Assessing GNSS ionospheric models at low latitudes: BDGIM, NeQuick-G, and Klobuchar

Single-frequency Global Navigation Satellite System (GNSS) users primarily rely on broadcast models to adjust their observations for ionospheric delay, one of the major sources of error in GNSS positioning. In this study, we assess the performance of Global Positioning System (GPS)'s Klobuchar, Galileo's NeQuick-G, and BeiDou Navigation Satellite System (BDS)'s BeiDou Global Ionospheric delay correction Model (BDGIM) models at low latitudes. Our analysis is based on data from the years 2020 and 2021, during the ascending phase of the solar cycle.
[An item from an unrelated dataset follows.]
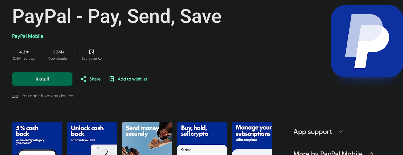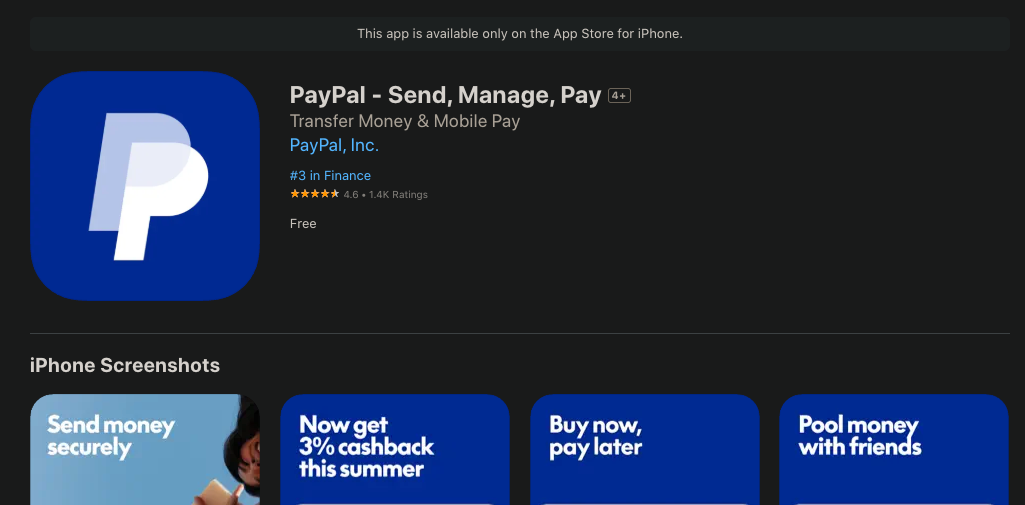 Apple Store Link: https://apps.apple.com/us/app/paypal-pay-send-save/id283646709

We compared total electron content (TEC) estimates against regional ionospheric maps (RIM) and calibrated and differential TEC derived from dual-frequency observations of 10 GNSS reference stations located in Brazil. The reference stations were also used to perform single point positioning (SPP). Our findings demonstrate BDGIM's superior performance over the other two models across all satellite elevation angles and throughout the seasons of the year, achieving a correction rate of 80%. While Klobuchar outperforms NeQuick-G under disturbed ionospheric conditions, it faces challenges in accurately estimating ionospheric delay during nighttime, when NeQuick-G shows strength. Our results also showed that NeQuick-G model tends to underestimate electron density, whereas Klobuchar and BDGIM models tend to overestimate it. In terms of positional accuracy, the maximum error reduction achieved by correcting for the ionosphere is 49% with Klobuchar, 45% with NeQuick-G, and 51% with BDGIM.